Optimization of collective communications in the distributed calculation | Cpu hardware list and their functions | Hardware devices | Computer hardware | Turtles AI

Optimization of collective communications in the distributed calculation
As Nvidia Sharp improves the efficiency of network operations for the AI ​​and scientific calculation
Isabella V27 October 2024

 

 

The evolution of collective communication technologies, such as NVIDIA SHARP, has revolutionized distributed computing, optimizing network operations for AI and scientific computing. Performance has improved dramatically, enabling unprecedented scalability.

Key Points:

  • NVIDIA SHARP has transformed collective communication in distributed computing, improving efficiency.
  • SHARP reduces the data load on servers by offloading operations to network switches.
  • Later versions of SHARP have increased scalability and support for complex AI workloads.
  • SHARPv4 will bring significant innovations in collective communications for AI training applications.

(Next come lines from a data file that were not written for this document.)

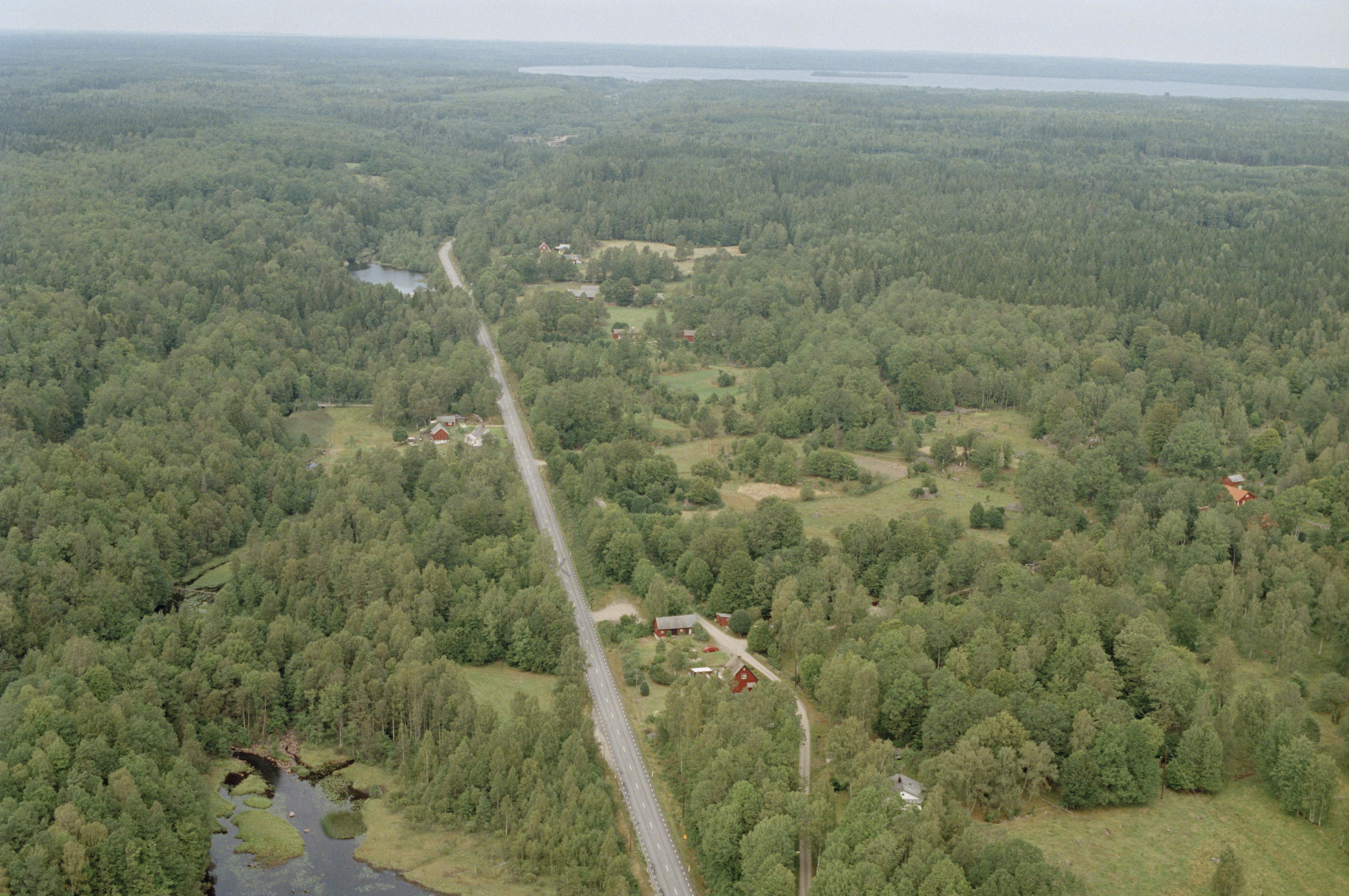 Beskrivning: Mieåns dalgång. I bildens nedre del Ire by. I bildens övre del byn Bergfors i Lobergets naturreservat. Vid vägen i bildens mitt vägmärke RAÄnr Ringamåla 4:1. Bilden är tagen mot (väderstreck): N
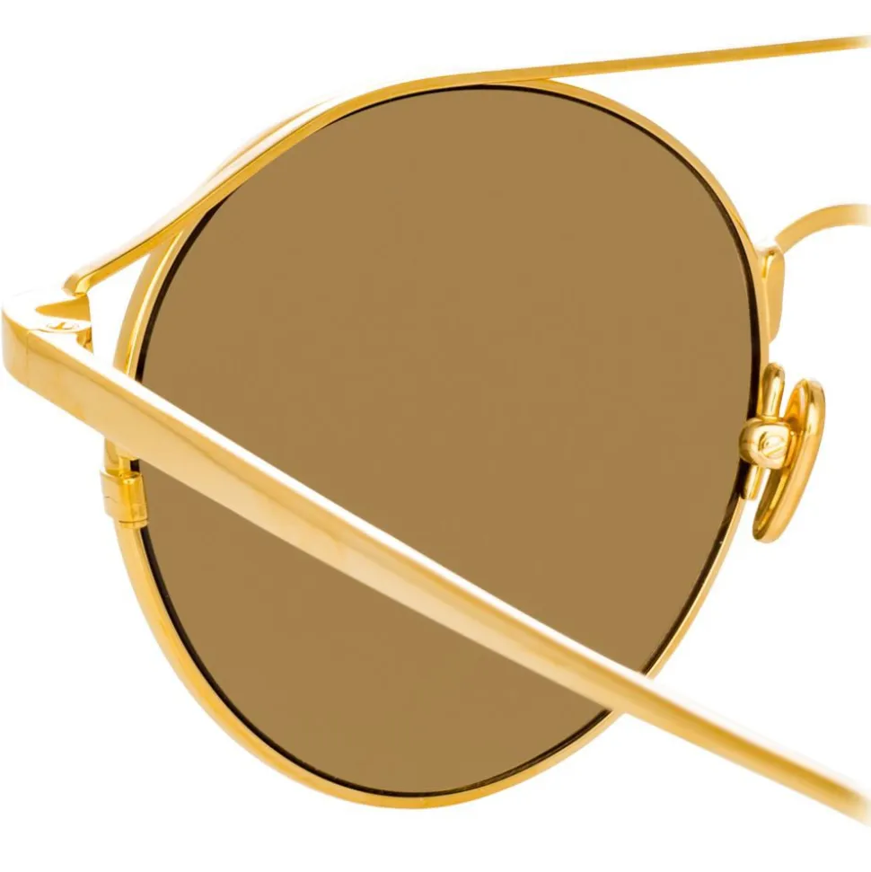 The new classic, these unisex round aviator sunglasses are crafted entirely from yellow gold-plated ultra lightweight titanium. For a touch of unexpected luxe, the top bar of the frame extends out at the corners to create the illusion of negative space between the precious yellow gold lenses.
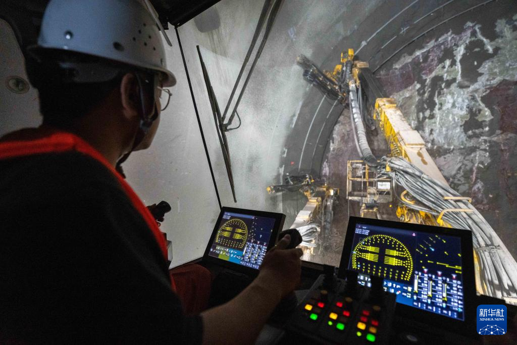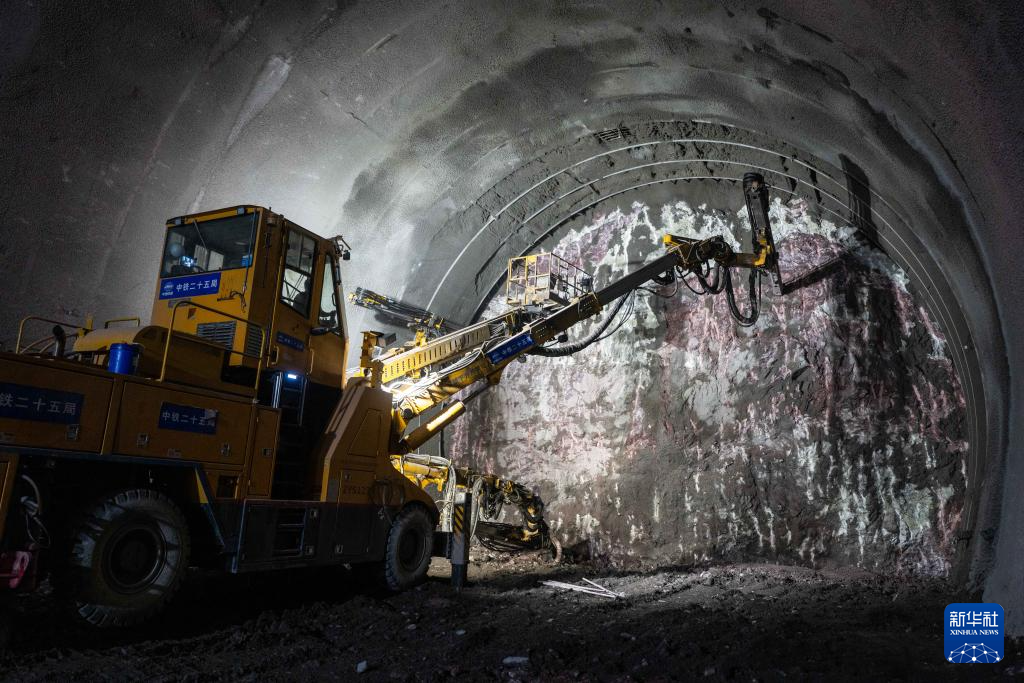 11月1日,在邵永高铁东安隧道施工现场,中铁二十五局工人操作三臂凿岩台车进行钻孔作业。新华社记者 陈思汗 摄

In today’s AI and scientific computing landscape, AI applications and complex scientific computations present challenges that require innovative approaches to distributed computing. As the tasks required exceed the capabilities of a single machine, it is critical to break down tasks into parallel tasks distributed across a large number of compute engines, such as CPUs and GPUs. This approach allows massive workloads to be handled, including training data and model parameters, thus optimizing performance.

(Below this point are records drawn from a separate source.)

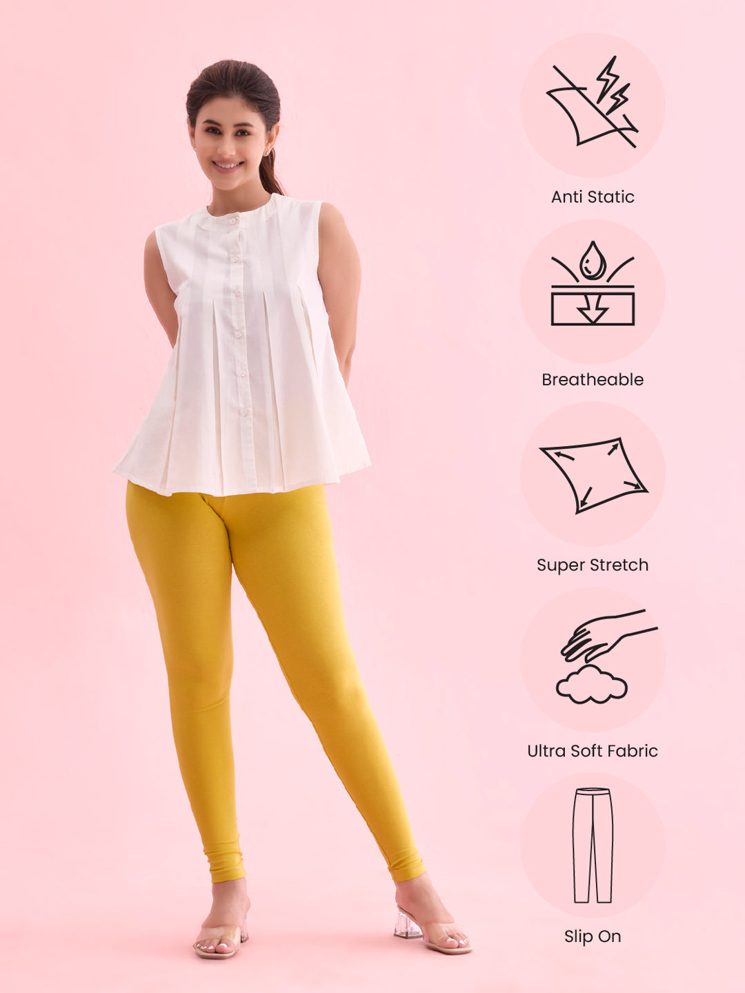 Complete any look, be it traditional or western with these Solid Light Lime Leggings. Made from cotton & elastane, it has a elasticised waistband & has a slim fit.
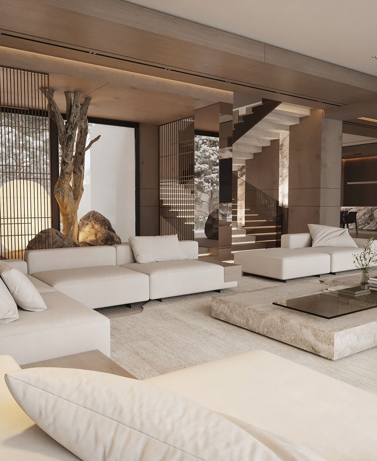 Không còn là sự phô trương vật liệu đắt tiền, biệt thự năm 2025 ưu tiên nét đẹp tinh tế, sử dụng chất liệu tự nhiên như đá marble, gỗ walnut, vải linen cao cấp… kết hợp bảng màu trung tính (nâu nhạt, be, xám lạnh).
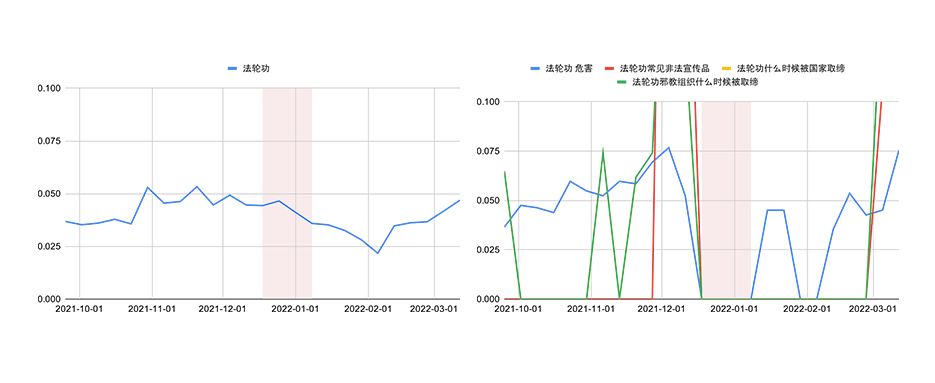 Figure 13: Search trends for 法轮功 (Falun Gong) (left) and for its autosuggestions (right).

The key to effective scaling lies in communication between nodes, which must frequently share critical information, such as gradients computed during the backpropagation phase in model training. Such operations require collective communications, such as all-reduce, broadcast and gather and scatter, to ensure that model parameters are synchronized and converge properly. However, the efficiency of these operations is crucial: if handled ineffectively, they can cause bottlenecks that compromise the scalability of the system.

Bottlenecks arise from several factors, including latency and bandwidth limitations, which affect how quickly nodes can communicate with each other. As the scale of the system increases, the volume of data to be transferred grows, and communication times begin to exceed computation times. In addition, synchronization overhead can slow down the entire system, as slower nodes can delay operations. This is compounded by network contention, which increases as the number of nodes communicating at the same time grows, exacerbating bandwidth and available resource problems.

To address these challenges, advances in network technologies and algorithmic optimizations are needed. It is in this context that NVIDIA SHARP, a protocol designed to improve collective communications in distributed systems, emerges. This innovative approach, known as networked processing, shifts the management of collective communications from processors to network switches, significantly reducing data load and minimizing latency variations, commonly known as jitter.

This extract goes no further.